I was trying to plot ROC curve and Precision-Recall curve in graph. The points are generated from the Spark Mllib BinaryClassificationMetrics. By following the following Spark https://spark.apache.org/docs/latest/mllib-evaluation-metrics.html
[(1.0,1.0), (0.0,0.4444444444444444)] Precision
[(1.0,1.0), (0.0,1.0)] Recall
[(1.0,1.0), (0.0,0.6153846153846153)] - F1Measure
[(0.0,1.0), (1.0,1.0), (1.0,0.4444444444444444)]- Precision-Recall curve
[(0.0,0.0), (0.0,1.0), (1.0,1.0), (1.0,1.0)] - ROC curve
To plot the ROC curve, we need to calculate the TPR and FPR for many different thresholds (This step is included in all relevant libraries as scikit-learn ). For each threshold, we plot the FPR value in the x-axis and the TPR value in the y-axis. We then join the dots with a line. That's it!
ROC curves are appropriate when the observations are balanced between each class, whereas precision-recall curves are appropriate for imbalanced datasets.
It looks like you have a similar problem to what I experienced.

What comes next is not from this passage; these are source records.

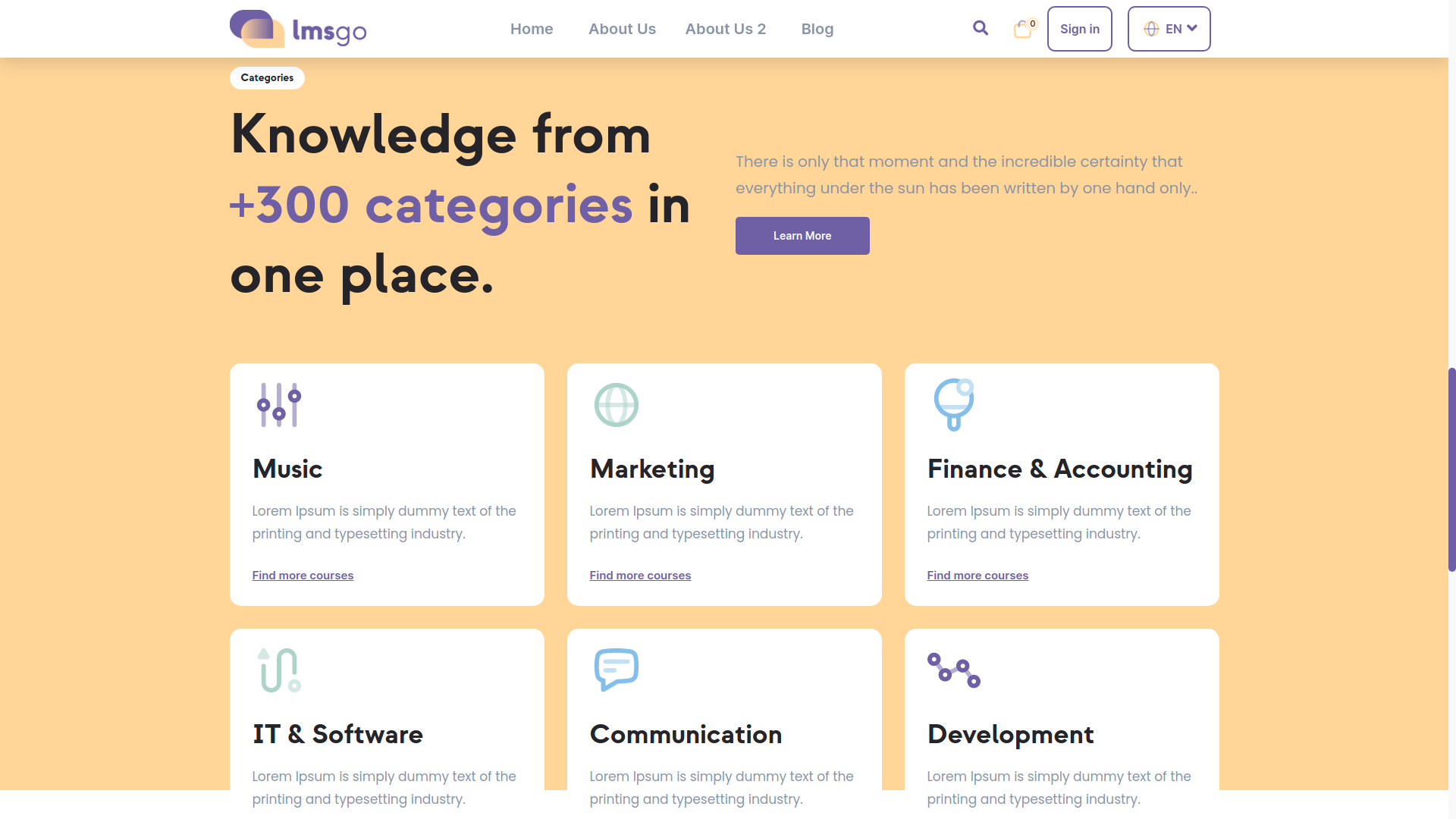 前端将提供您在后端应用的所有设置的表示。也就是说,它会在前端创建一个学习站点视图。课程将在此处按类别列出。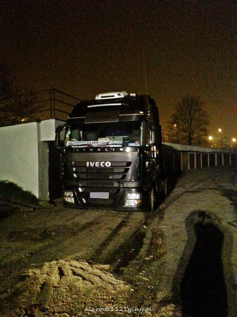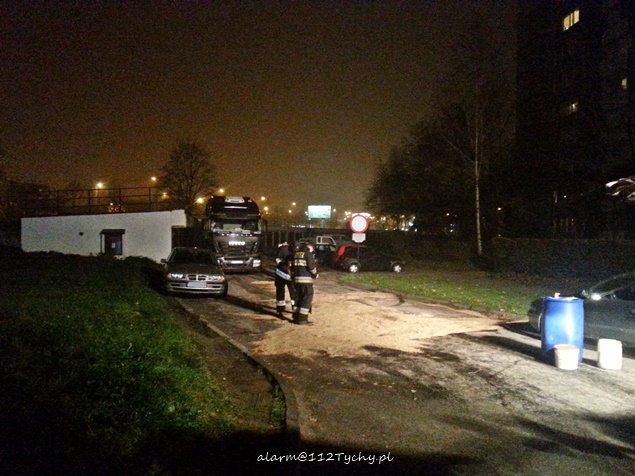 9 listopada około godziny 18 do MSK w Tychach wpłynęło zgłoszenie od Straży Miejskiej o wycieku oleju napędowego z ciężarówki IVECO zaparkowanej na parkingu przy ul. Hierowskiego. Na miejsce skierowane zostały dwa zastępy z JRG Tychy (GBA, SCRt). Po dotarciu na miejsce i rozpoznaniu sytuacji KDR podjął decyzję o konieczności wezwania na miejsce kolejnego zastępu (SLKw), który miał na miejsce dowieźć dodatkowe materiały (sorbent, piasek, beczka na zużyte materiały). Jak się okazało doszło do uszkodzenia zbiornika. Działania strażaków polegały na neutralizacji rozlanego oleju napędowego, zatamowaniu wycieku, a dodatkowo na oświetleniu miejsca akcji. Po kilkudziesięciu minutach wyciek został zneutralizowany. Celem wywozu zużytego sorbentu i piasku zastęp SLKw został odesłany do koszar, a w jego miejsce przybył zastęp SCKw. Strażacy działali na miejscu ponad 3 godziny. W tym czasie ruch odbywał się z niewielkimi utrudnieniami.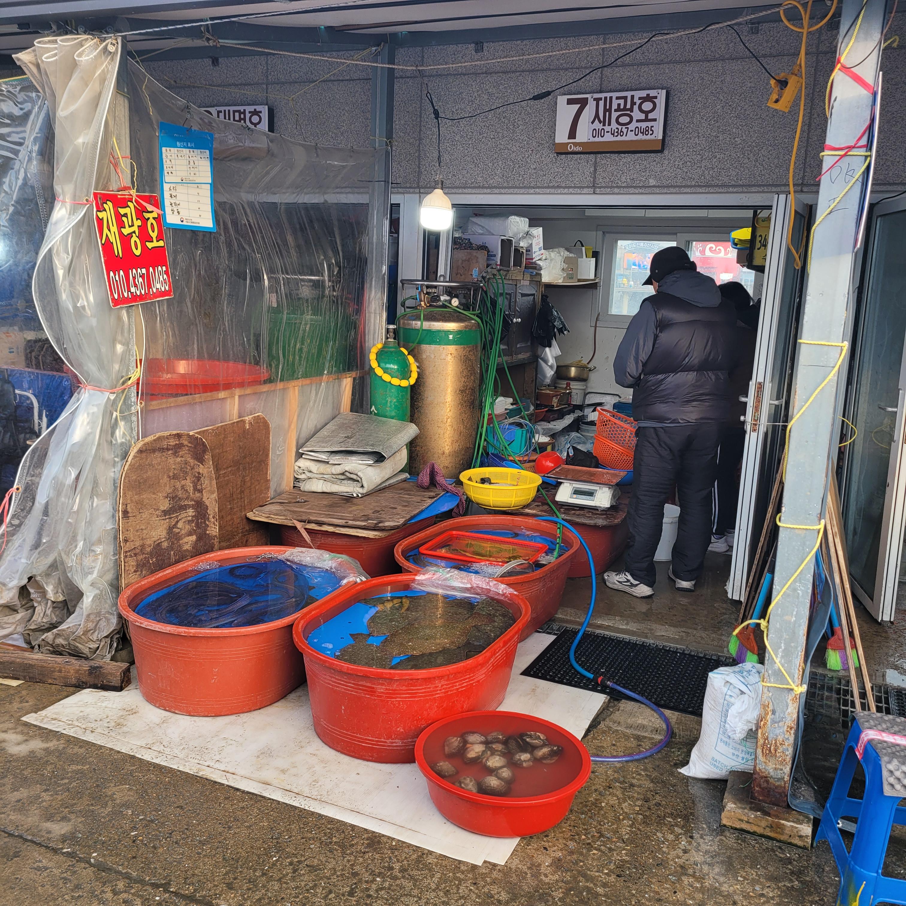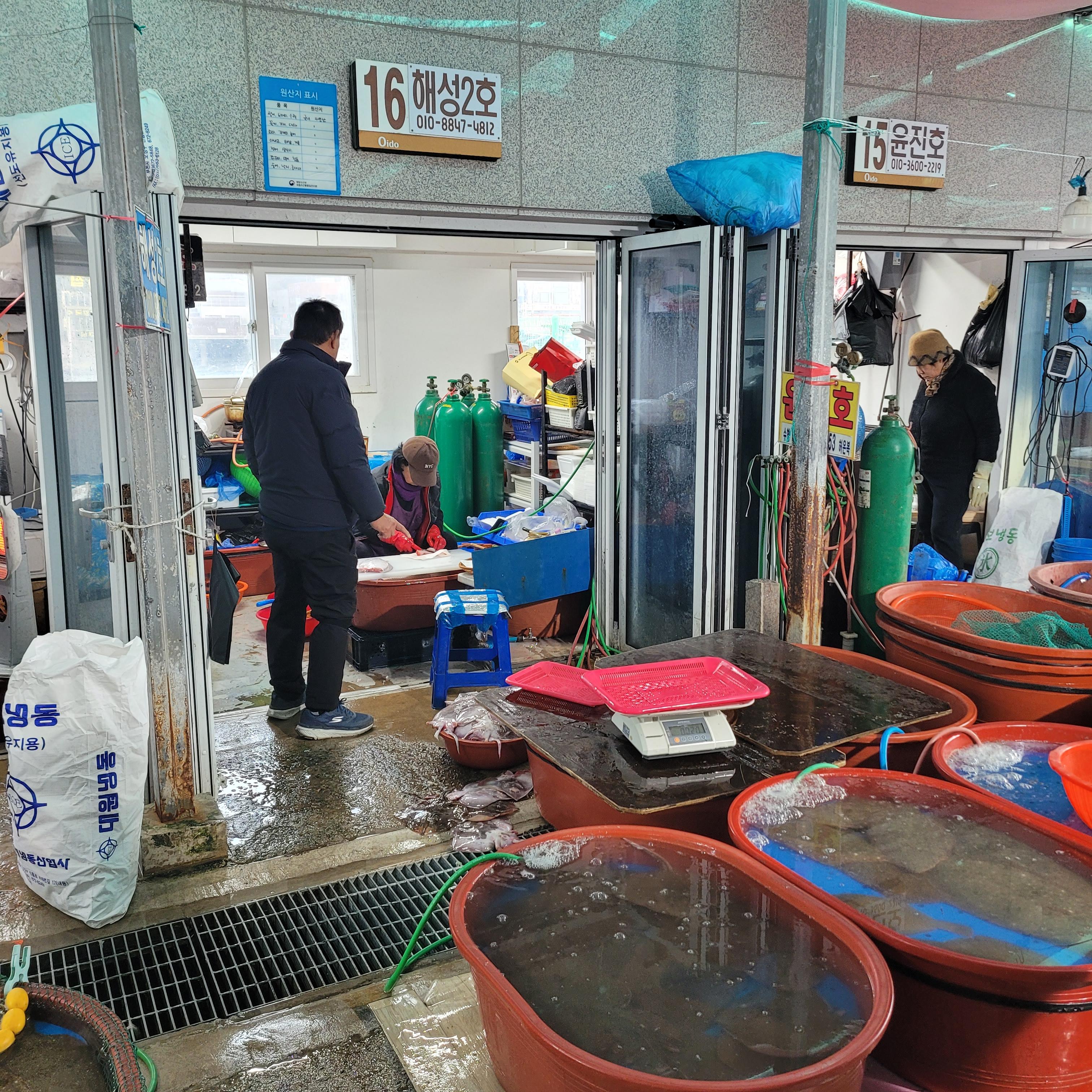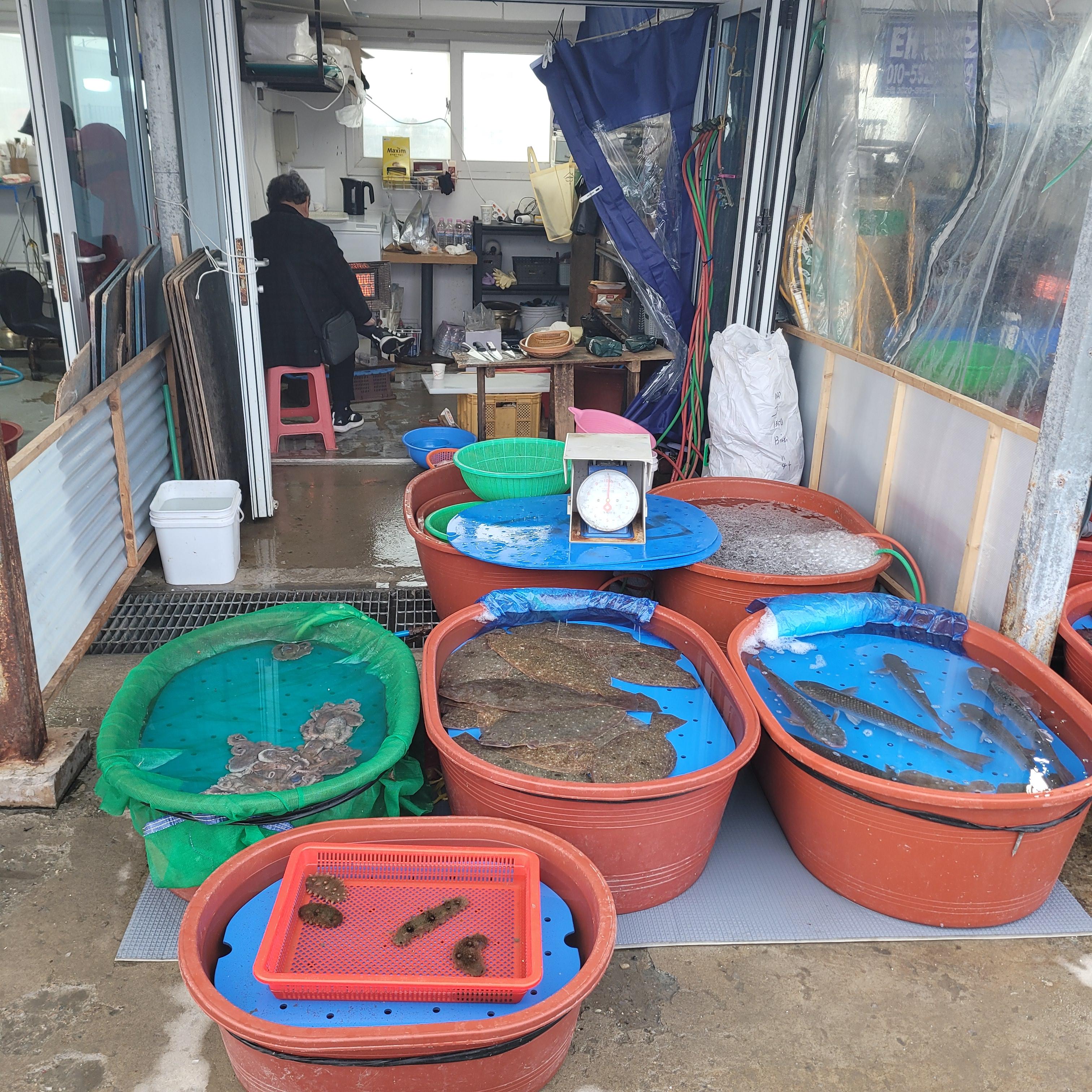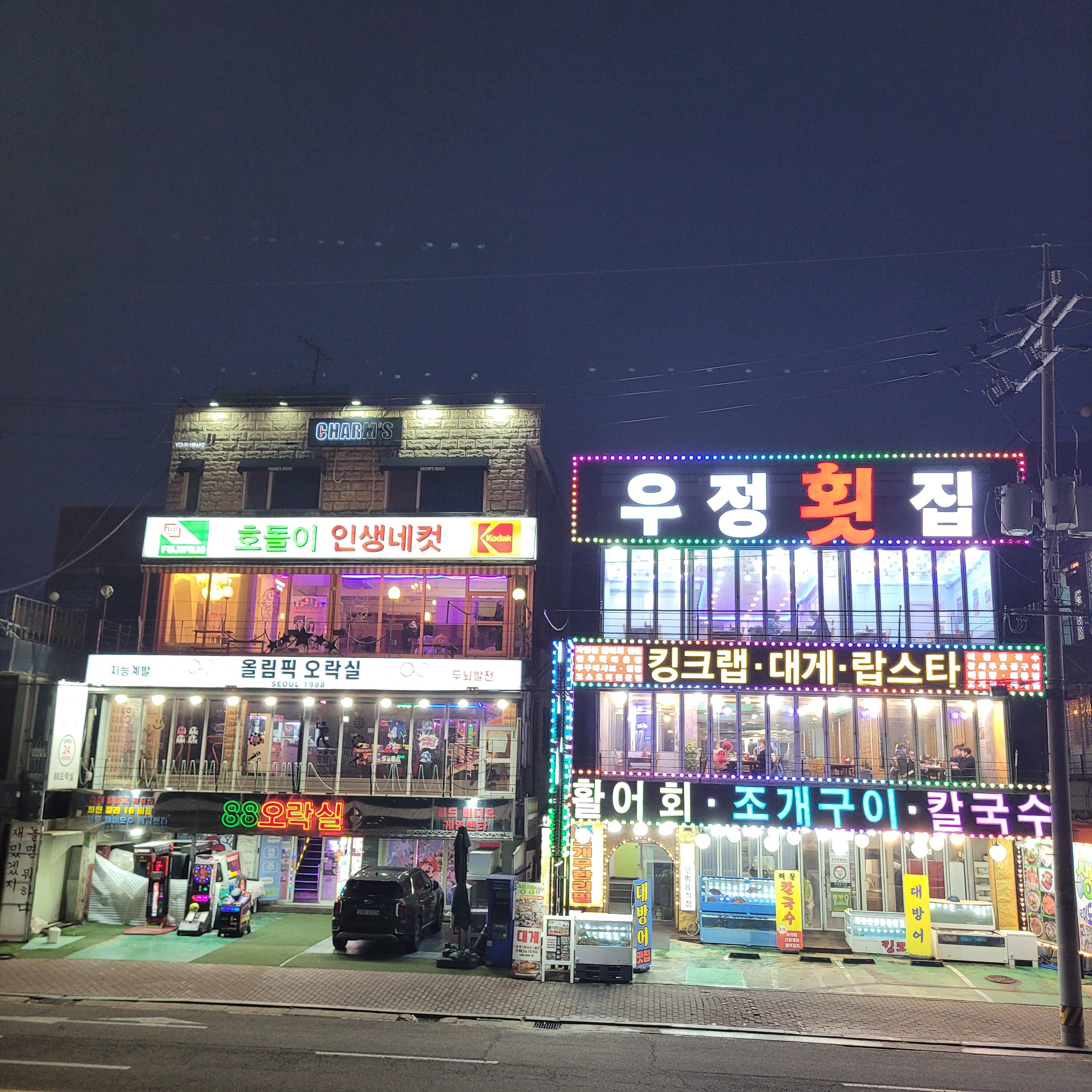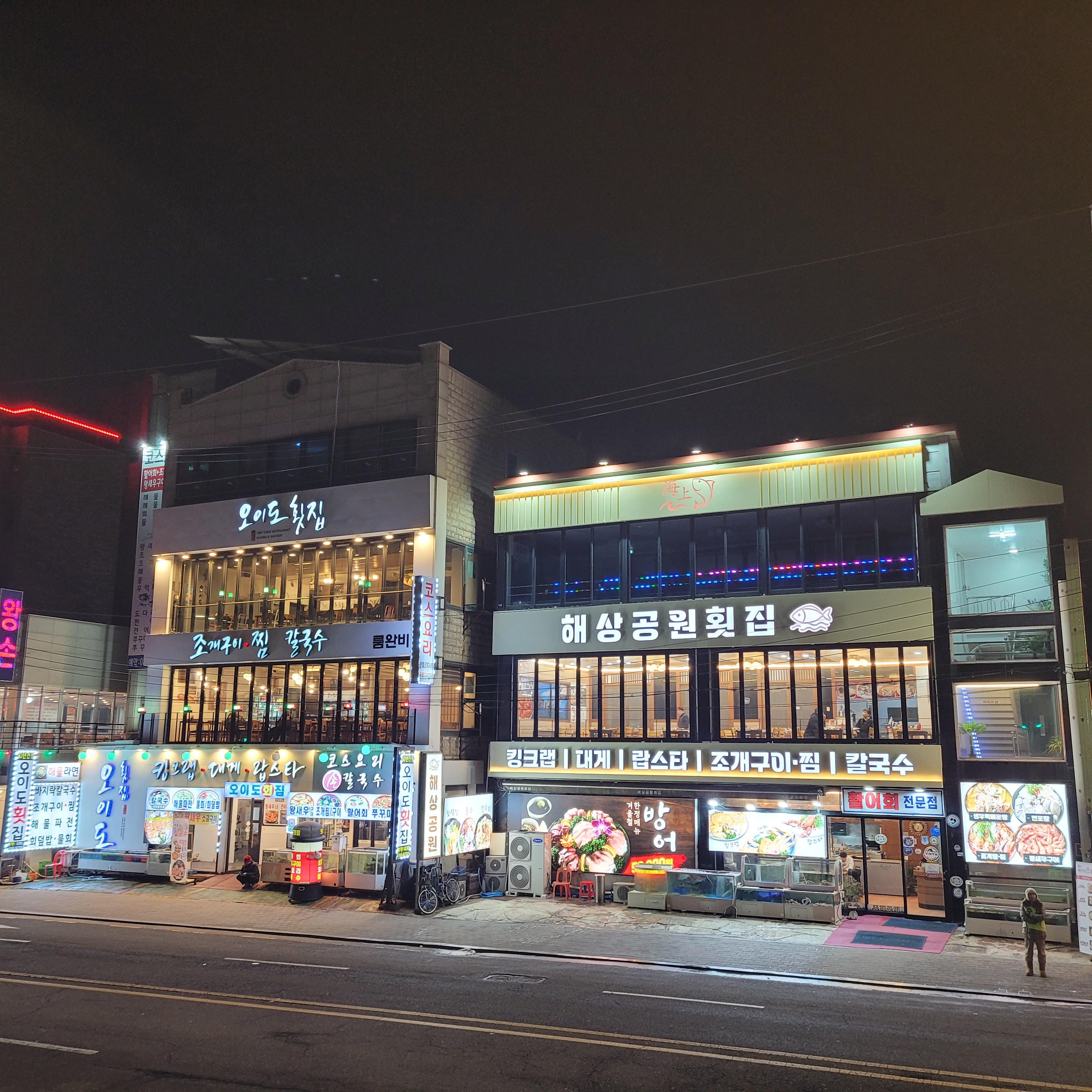 저녁에는 오이도 갈때마다 항상 들렀던 우정횟집에서 바지락칼국수와 새우튀김

You need to either flip your parameters to the Metrics constructor or perhaps pass in the probability instead of the prediction. So, for example, if you are using the BinaryClassificationMetrics
and a RandomForestClassifier
, then according to this page (under outputs) there is "prediction" and "probability".
Then initialize your Metrics thus:
new BinaryClassificationMetrics(predictionsWithResponse
.select(col("probability"),col("myLabel"))
.rdd.map(r=>(r.getAs[DenseVector](0)(1),r.getDouble(1))))
With the DenseVector call used to extract the probability of the 1 class.
As for actual plotting, that's up to you (many fine tools for that), but at least you will get more than 1 point on you curve (besides the endpoints).
And in case it's not clear:
metrics.roc().collect()
will give you the data for the ROC curve: Tuples of: (false positive rate, true positive rate).